Methods for splitting SingleCellExperiment objects
Is there scope to define a splitColData and splitRowData methods for the SingleCellExperiment class?
I am working with a rather large SingleCellExperiment object and I often find myself needing to split the object into a list of smaller objects for pre-processing based on either the column or row data.
This can obviously be done with the following:
# Split by column data
var <- colData(sce)$variable
sce <- lapply(var, function(x) sce[, colData(sce)$variable == x])
# Split by row data
var <- rowData(sce)$variable
sce <- lapply(var, function(x) sce[rowData(sce)$variable == x, ])

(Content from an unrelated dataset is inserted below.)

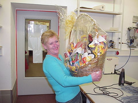 Am 27. November feierte unsere Mitarbeiterin in der Produktion am Standort Rustow, Frau Anette Schubert, ihren 50.Geburtstag. Sie ließ es sich natürlich nicht nehmen, gerade auch an diesem ganz besonderen Ereignis ihrer regulären Arbeitstätigkeit nachzugehen. Die Überraschung war dann jedoch groß, als die Kollegen und –innen ihr einen dekorativen Freßkorb überreichten.
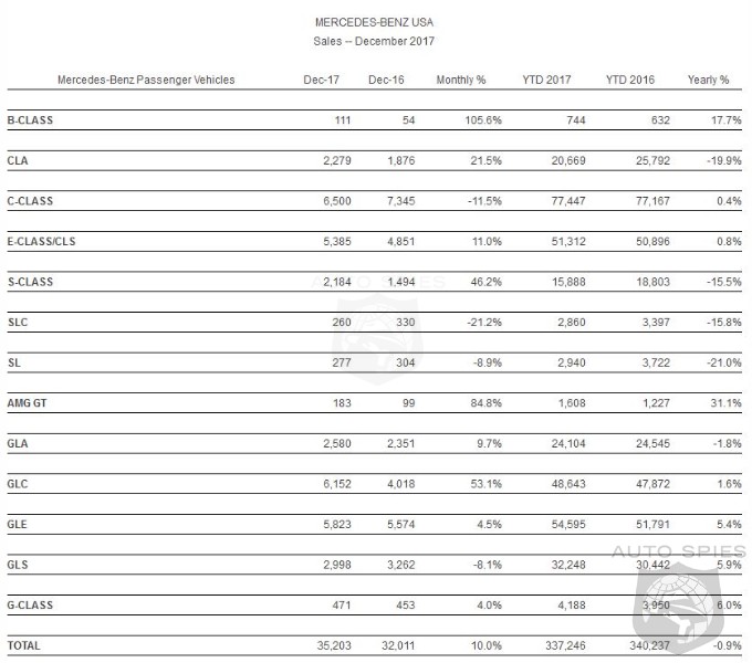 Mercedes-Benz USA today reported highest monthly sales in its history with a best-ever December total of 35,203 units, an increase of 10.0% from the 32,011 vehicles sold during the same period last year. Mercedes-Benz Vans reported best-ever December sales with 4,047 units (up 4.8%) and smart reported 166 units, bringing MBUSA to a record December with 39,416 vehicles (up 6.4%). On a year-to-date basis, Mercedes-Benz retails totaled 337,246 units.

However, I've found this approach to be slower than using a for-loop with pre-allocation (e.g. similar to the code already in the splitAltExps function):
splitColData <- function(x, f) {
i <- split(seq_along(f), f)
v <- vector(mode = "list", length = length(i))
names(v) <- names(i)
for (n in names(i)) { v[[n]] <- x[, i[[n]]] }
return(v)
}
If there is a need for these methods I can submit a pull-request? If not, it would be super helpful if you could advise what is the most robust and efficient method for splitting SCE objects. Thank you.
However, I've found this approach to be slower than using a for-loop with pre-allocation (e.g. similar to the code already in the splitAltExps function):
Well, yes, that's because you're looping over every element of var rather than its unique levels.

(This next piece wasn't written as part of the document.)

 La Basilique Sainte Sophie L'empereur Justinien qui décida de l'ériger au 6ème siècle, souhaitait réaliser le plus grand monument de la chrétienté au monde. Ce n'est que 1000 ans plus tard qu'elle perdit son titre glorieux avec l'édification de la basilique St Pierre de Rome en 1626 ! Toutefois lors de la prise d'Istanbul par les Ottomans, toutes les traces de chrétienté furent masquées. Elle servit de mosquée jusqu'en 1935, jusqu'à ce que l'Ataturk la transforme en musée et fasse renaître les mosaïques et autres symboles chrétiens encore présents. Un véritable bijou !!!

If there is a need for these methods I can submit a pull-request?
Possibly, but this would likely go to the SummarizedExperiment repository rather than this one. Any such methods should benefit all SE subclasses, there isn't any reason that it would just be useful for SCEs.

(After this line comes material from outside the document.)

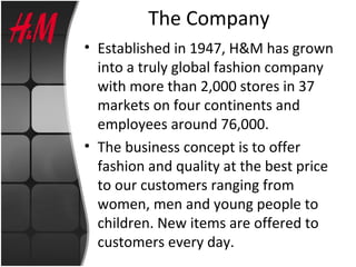 H&M is a global fashion retailer established in 1947 with over 2,000 stores worldwide. They aim to offer fashion and quality at affordable prices to customers of all ages and styles. H&M's marketing strategy currently focuses on in-store promotions but they want to expand their promotional efforts. Implementing social media marketing through platforms like Twitter, Facebook, and blogs could help H&M better engage customers and communicate sales, new items, and the customer experience. Tracking analytics and customer interactions on these channels over a 3-month period would allow H&M to evaluate the effectiveness of their new social media marketing campaign.
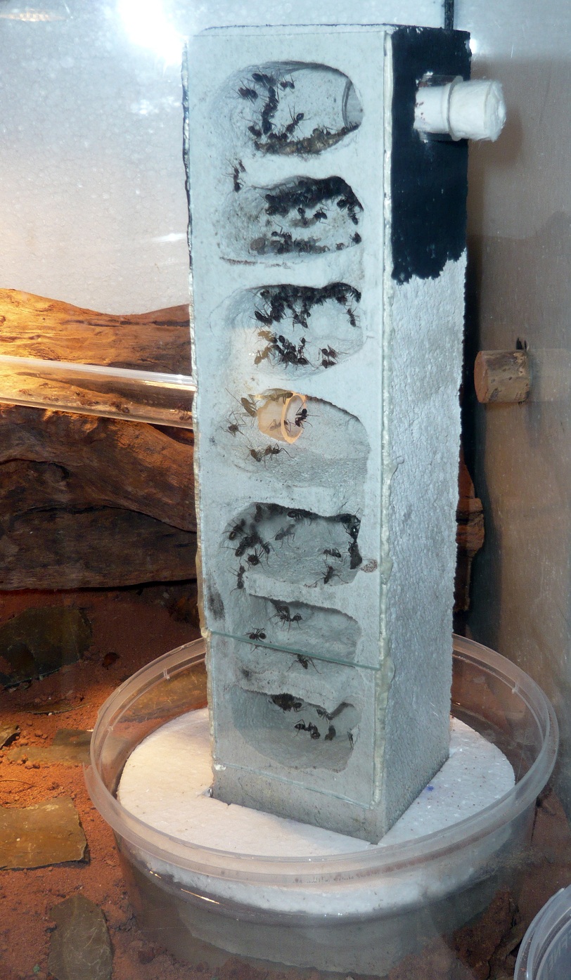 Die ersten Arbeiterinnen lugten hervor und begannen, die Wände der Plastikbox zu erklimmen. Das war keine leichte Übung für die Cataglyphis. Obwohl die Wände leicht perforiert waren, rutschten sie oft ab oder kamen nur schwer vorran. Damit ist das Glas des Aquariums ein weiterer Ausbruchschutz. Zur Unterstützung habe ich dann Zweige an und in die Box gesetzt. Nun war der Weg frei und zwei mutige Pionierinnen wagten sich in die Arena. Der Erkundungstrip endete allerdings schon nach 10cm. HONIG! Ich dachte, sie könnten eine Stärkung nach der langen Reise per Post gut gebrauchen. Recht gehabt!

Tagging @mtmorgan: does this functionality already exist in SE?S4Vectors::split() kind of works but it's hard to remember that it splits by row instead of column in an SE. (Also I just noticed SCE doesn't implement extractROWS properly: need to fix.)
bc220cab41b7112347dda5e094ebb2a9c987fb23 fixes the split() issue, so a hypothetical splitByRow() would be as easy as:
split(sce, rowData(sce)$variable)